Scandinavian-based KONE Corporation is an international leader in the manufacture, installation and maintenance of escalators and elevators. We think KONE has a high-quality business, with a squeaky clean balance sheet and a bright long-term outlook.

However, with 30 per cent of sales emanating from China, we are cautious on the outlook for new installations in the near term given the oversupply in Chinese high rise residential buildings. We recently adjusted our valuation to take into account a more challenging sales environment in KONE’s biggest market. While not cheap today, we suggest KONE is a worthwhile inclusion to your watch list in anticipation of further price weakness.

History

KONE Corporation was founded in 1910, drawing inspiration for the company name from the Finnish word for machine or device. Headquartered in Helsinki, Finland, KONE originally operated with a license to import elevators, but by 1917 the license was terminated to allow the company to focus on manufacturing in house.

KONE was subsequently purchased by Harald Herlin, beginning the Herlin family’s long association with the company which continues to this day under current Chairman Antti Herlin.

World War two was an important period for the company, as large scale orders for elevators, electric hoists and cranes from the Finnish government allowed the company to reach critical mass. KONE listed on the Helsinki exchange in 1966, commencing an acquisitive period for the company which saw its first expansion outside its domestic market.

KONE entered the US in 1981. In 2014, KONE was ranked the 42nd most innovative company in the world by Forbes. This was the fourth consecutive year KONE was recognised, ranking sixth among European companies and the only elevator and escalator company featured on the Forbes' list.

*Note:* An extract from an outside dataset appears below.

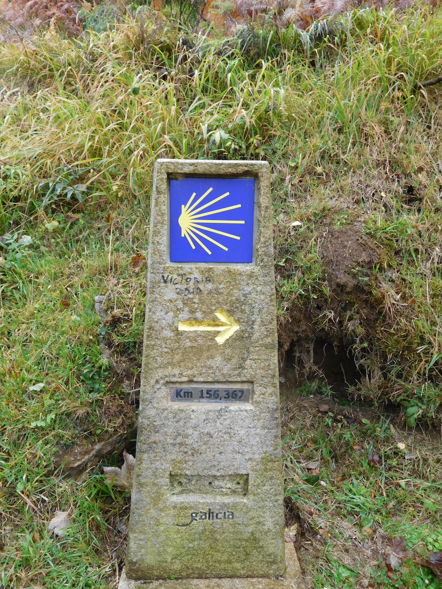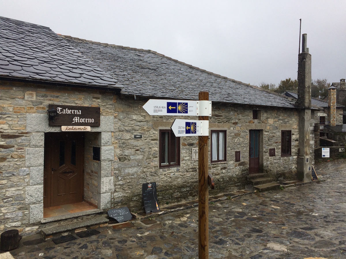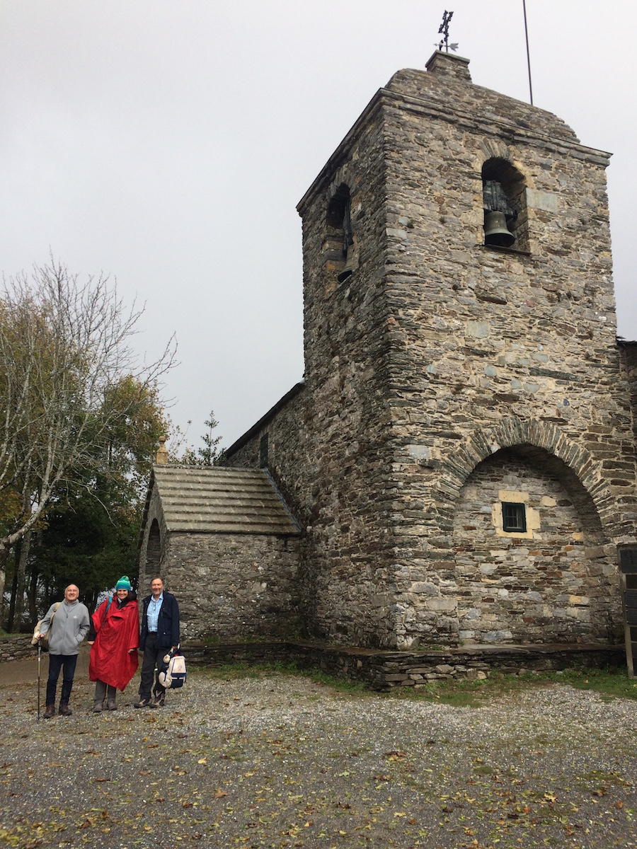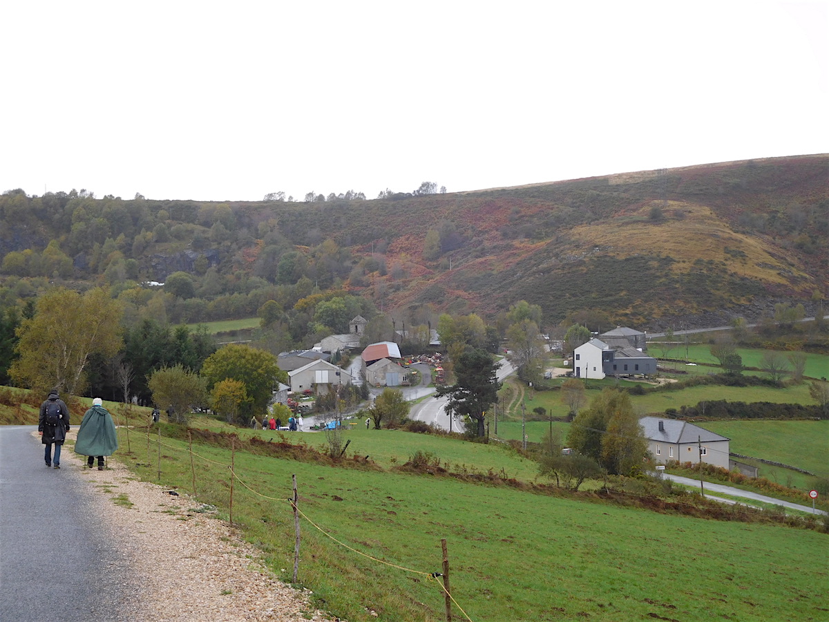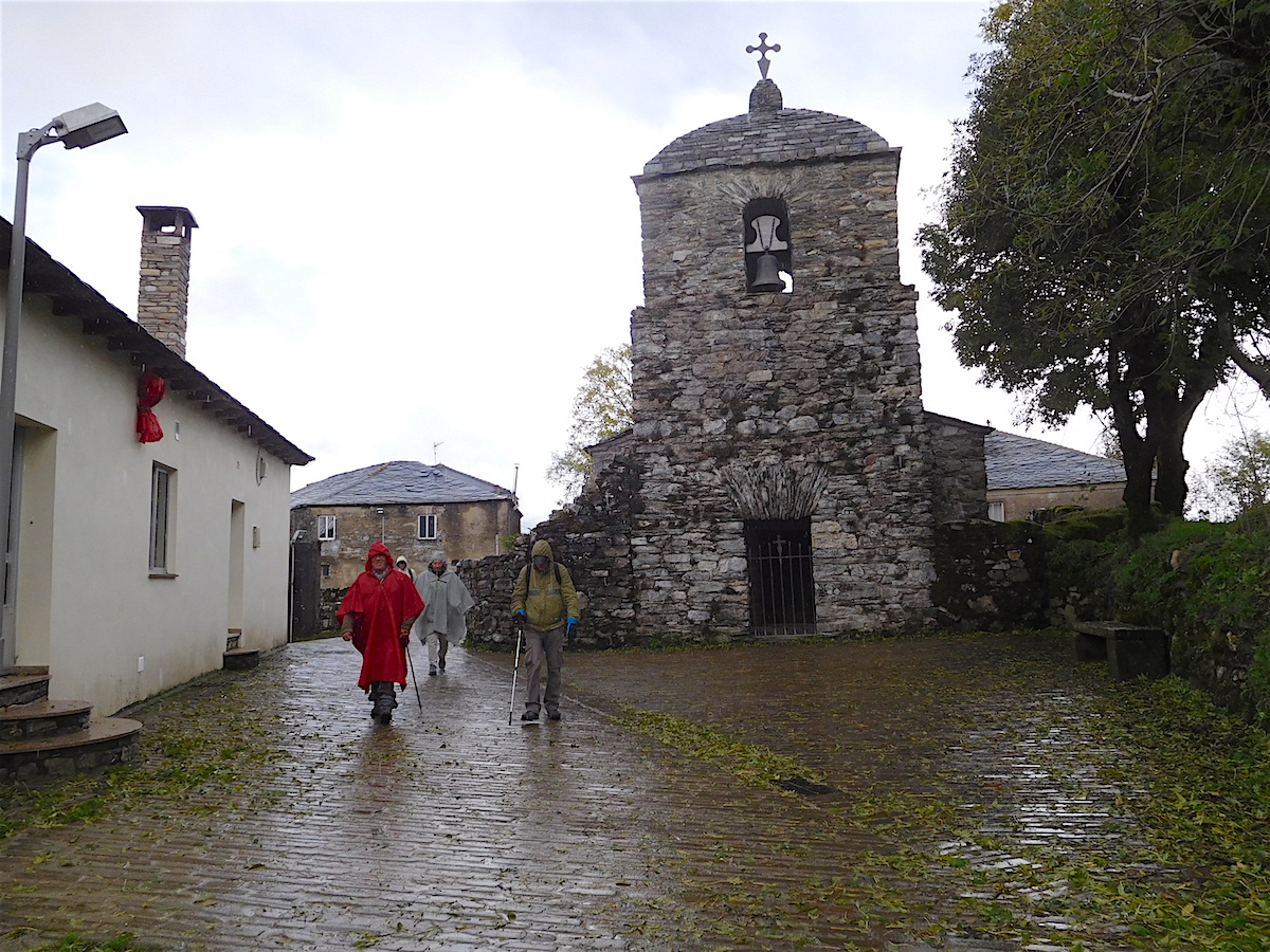 Voici le point de départ de notre pèlerinage vers Santiago à 157 km. Déjeuner sous le parapluie dans un hameau de montagne, magnifique !

KONE today operates in 60 countries with over 47,000 employees working to generate annual sales exceeding €7.3 billion. KONE has a market cap of €16bn with its dual share classes listed on the Helsinki exchange.

The business

KONE commands a leading position in the manufacture and installation of escalators and elevators with a sales precense throughout most of the worlds important markets. KONE services its customers through a decentralised manufacturing capability, providing faster lead times and natural hedging thoughout the key centers of Scandinavia, Europe, the US, India and China.

Due to trends such as rising urbanisation and increasing high-density living, it appears, albeit anecdotally, that the world is likely to continue consuming ever increasing numbers of escalators and elevators per capita.

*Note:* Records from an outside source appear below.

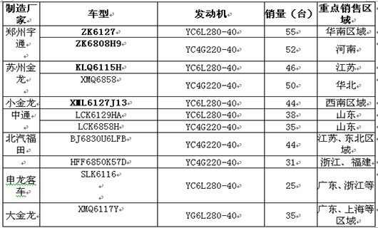 2、主流企业2015年7月销售的团体车的重点明显车型绝大部分是玉柴国IV发动机。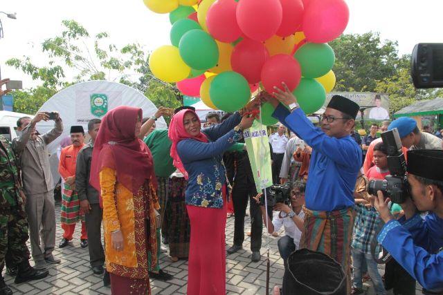 Ketua TP PKK Hj, Misnarni melepas balon pada pembukaan bazaar MTQ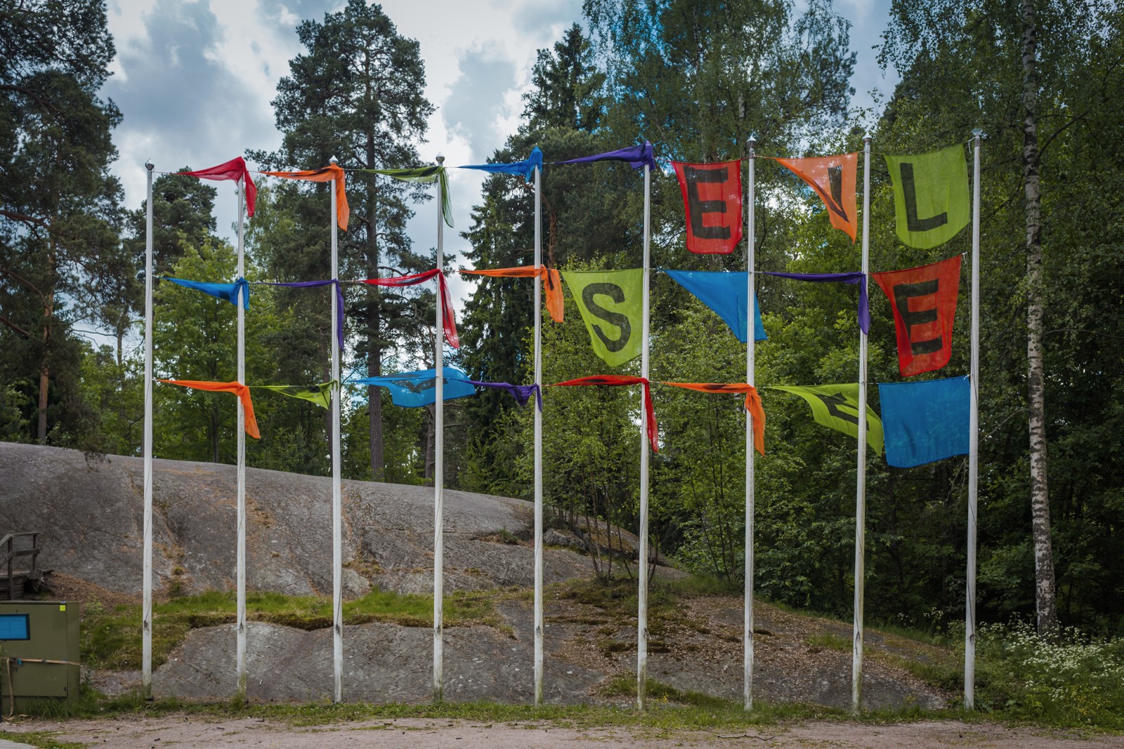 Juhlakentän laidasta löytyy vielä yksi Finnish Landscape -näyttelyn teos, eli Ahmed Al-Nawaksen ja Manna Henrikssonin lippurivistö Valkeat, joka muistelee kesällä 1962 Helsingissä järjstettyä Maailman nuorisofestivaalia. Teoksen toteutus kyllä ainakin tuulisella säällä jättää hiukan toivomisen varaa, sillä kirjainrivistö, jossa lukee UN SEUL HEROS LE PEUPLE, ei lippujen kietouduttua naruihinsa ollut sunnuntaina luettavissa. Onneksi taiteilija oli sen torstaina Lasselle esitellyt :-)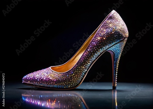 © Four888, Obraz premium Sparkling Crystal High Heel Shoe on Black Velvet - Low Light Photography
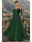 Tute Lunghezza al pavimento Abito da cerimonia per signora Manica Lunga Scollo a V Elegante Brillare & Splendere Formale Ospite di nozze Ricevimento di matrimonio Chiffon con Fascia / Nastro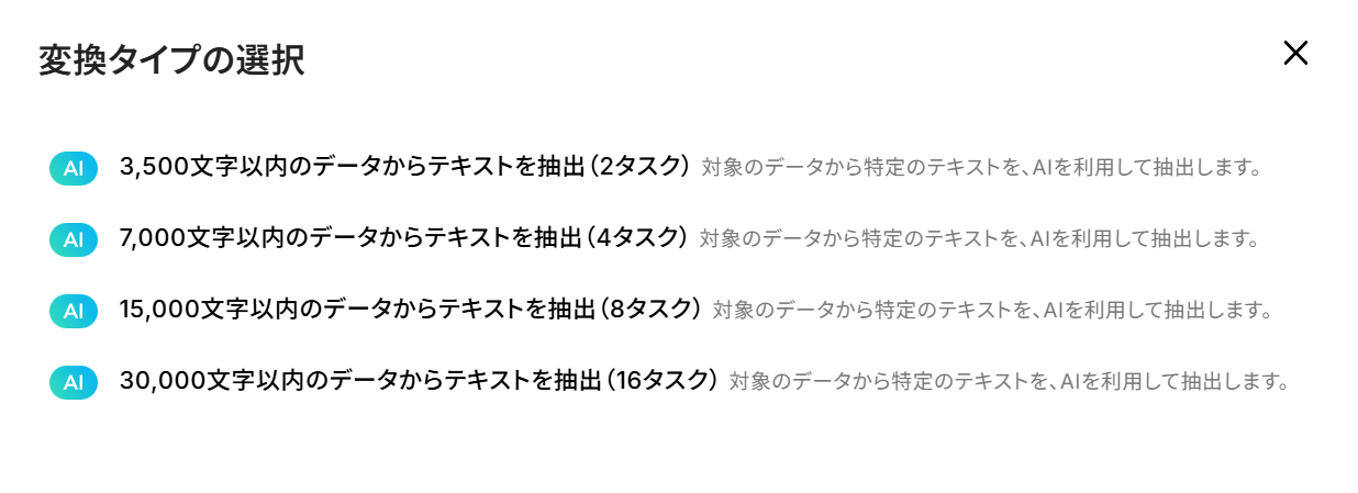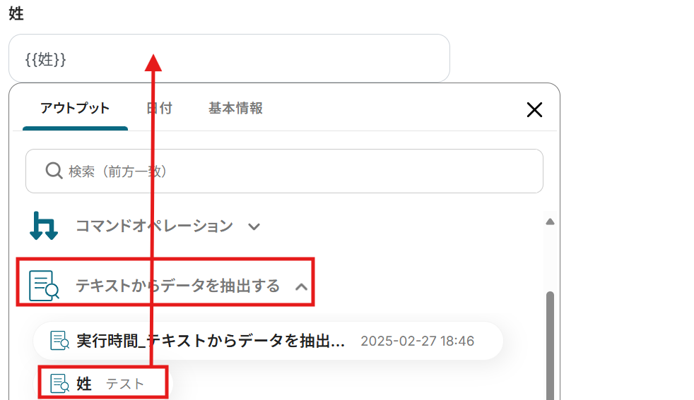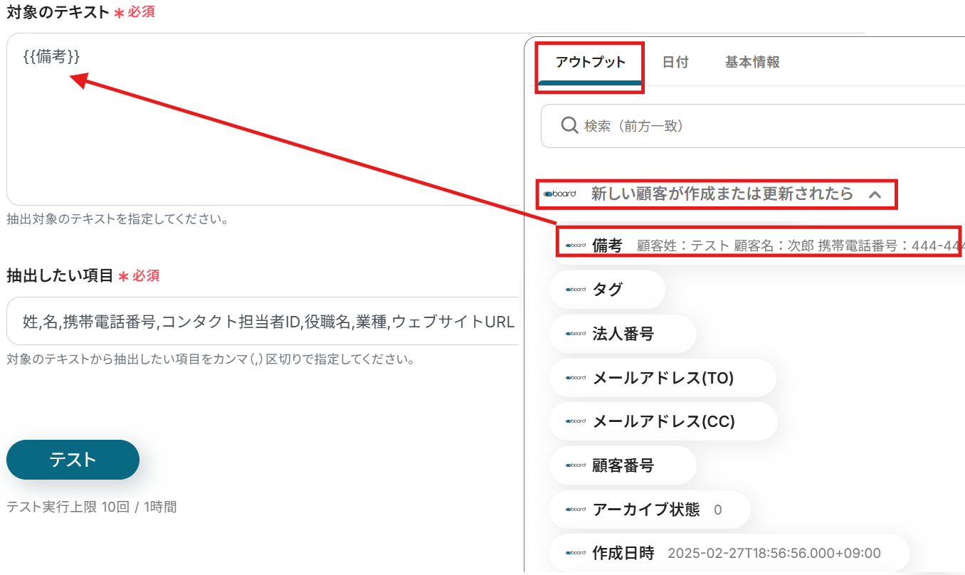 ここに固定のテキストを入れてしまうと、毎回それについて抽出されてしまうため、アウトプットから必ず選択してください。

Modern living environments, transportation systems and entertainment facilities are all using greater levels of aided transportation systems to move more people more efficiently. The escalator industry in general, and KONE in particular, are well positioned for this, evident in the steadily rising sales from new installations over the long term.

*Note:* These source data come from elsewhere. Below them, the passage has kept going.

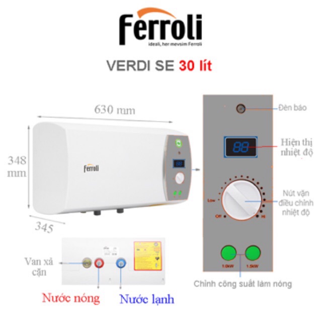 Thiết Bị Điện Gia Dụng > Thiết bị điện gia dụng lớn > Máy nước nóng || Máy nước nóng chống giật Ferroli Verdi SE 15/20/30LSo sánh giá ×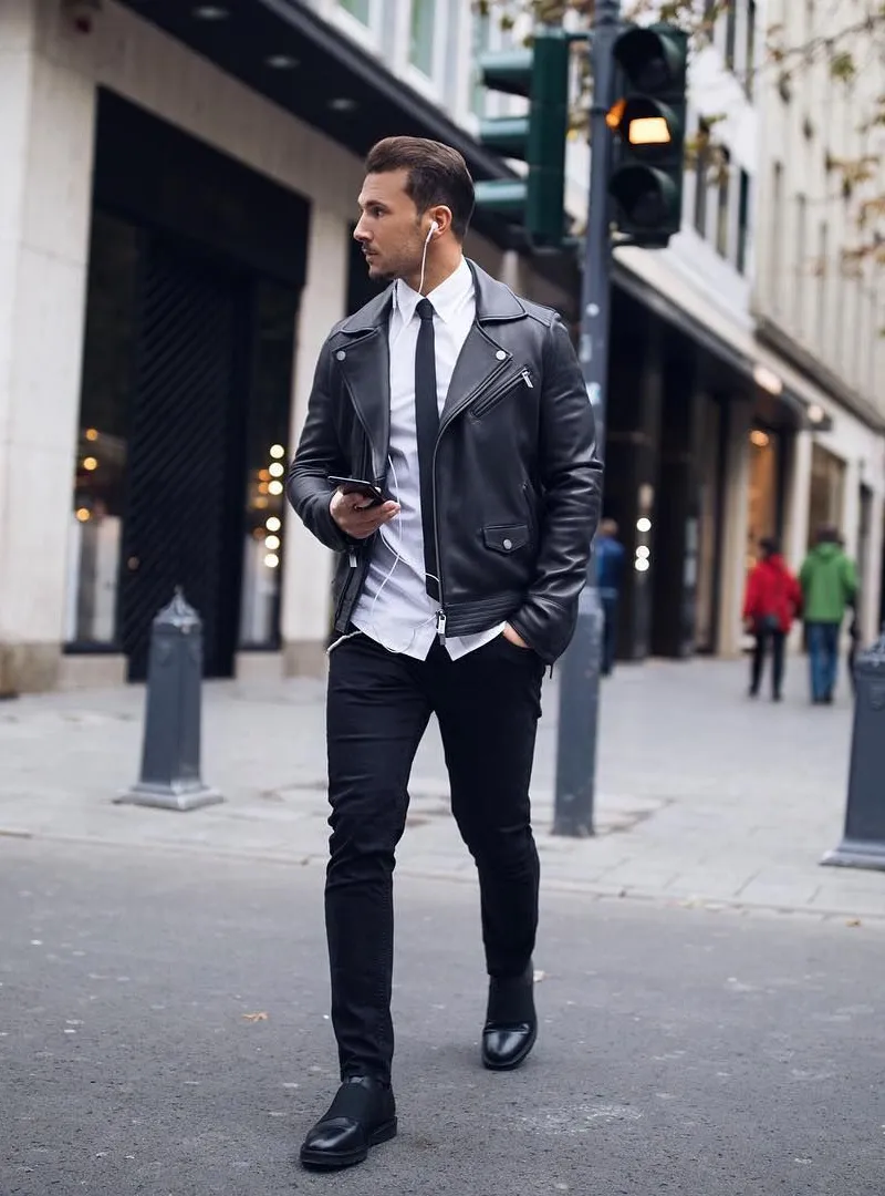 Ношение кожаной байкерской куртки поверх более умной одежды – это стильный ход, взятый прямиком из книги креативного директора Celine (и бывшего маэстро Saint Laurent) Хеди Слимана. Хорошая кожаная куртка, в которой все продумано до мелочей, сидит как вторая кожа, а если сочетать ее с рубашкой и галстуком, то получится просто идеальный образ.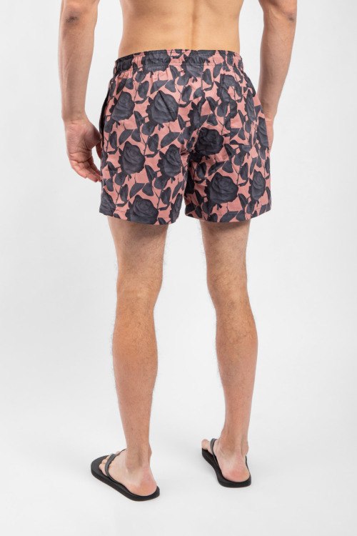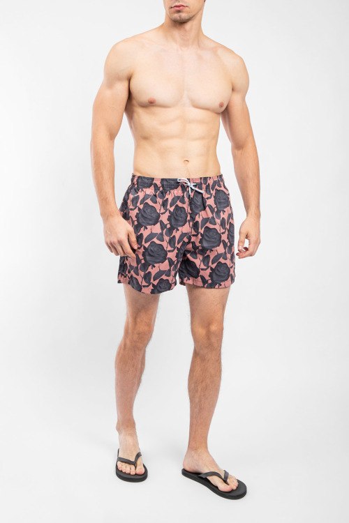 Мужские бежевые пляжные шорты от Hugo Boss (Хуго Босс). Цветочный принт, эластичный пояс на завязках, боковые карманы, короткая длина.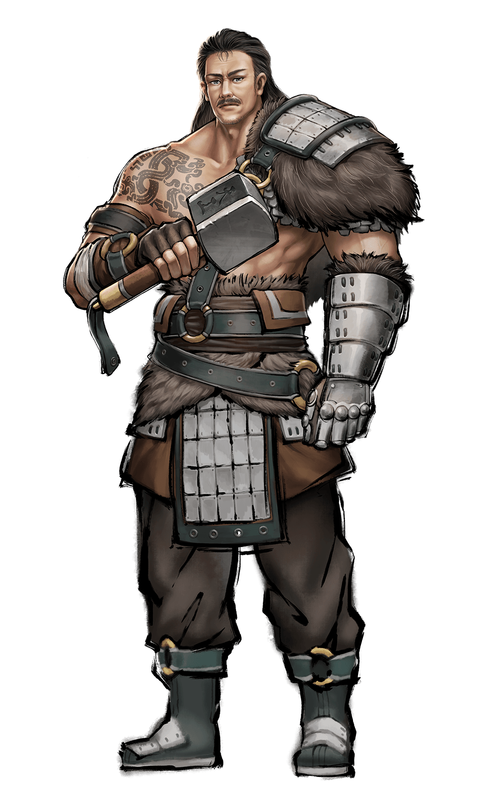 武藝超群,雄才大略,允文允武,具備大將軍該有的潛質。話少,不輕易嶄露感情,總是簡單扼要地進行表達。三神兵之一「水龍刀」的持有者,刀法精湛,一招一式之間藏有陣陣凜冽之氣,內功稍低者與之交手,極易因寒氣入體而手足無法動彈。

Further, with over 100 years of operation, KONE has established a base of over 1 million installed units. This is important due to the recurring maintenance required to keep the equipment operating efficiently and in compliance with safety standards, creating a revenue opportunity for KONE through its in house maintenance division.

A large contribution from maintenance is encouraging as it builds a level of consistent demand, which is often relatively insulated from economic cycles, into the revenue profile boding well for more consistent and higher quality earnings.

The vast majority of the global industry is concentrated into the hands of KONE Corporation and its competitors ThyssenKrupp, Schindler Group and Zardoya Otis.

Assessing the profit margins of the players gives an informative clue about how they operate. On first glance, Zardoya Otis, the smallest player controlled by 50.1 per cent shareholder United Technologies, appears to be the clear leader with profit margins well north of peers.

However, on closer inspection, it seems Zardoya Otis has tapered its manufacturing and new sales division considerably due to the weak economic environment throughout its home market of Spain and wider Europe.

In 2014, new sales contributed just 24 per cent of sales, suggesting they are now predominantly a maintenance operation which contributes over 76 per cent of total sales. This suggests to us that industry players price new sales on very slim margins, almost as a loss leader to place them in good stead to secure the capital light, more recurring maintenance contracts, which have considerably higher margins.

As Zardoya Otis generates the majority of its revenue from maintenance, it has higher margins than its peers. However, its potential to grow is severely capped, placing its earnings at risk if it lost market share in maintenance. KONE and Schindler have similar margins in the 10 per cent range as they both derive between 30-40 per cent of sales from maintenance.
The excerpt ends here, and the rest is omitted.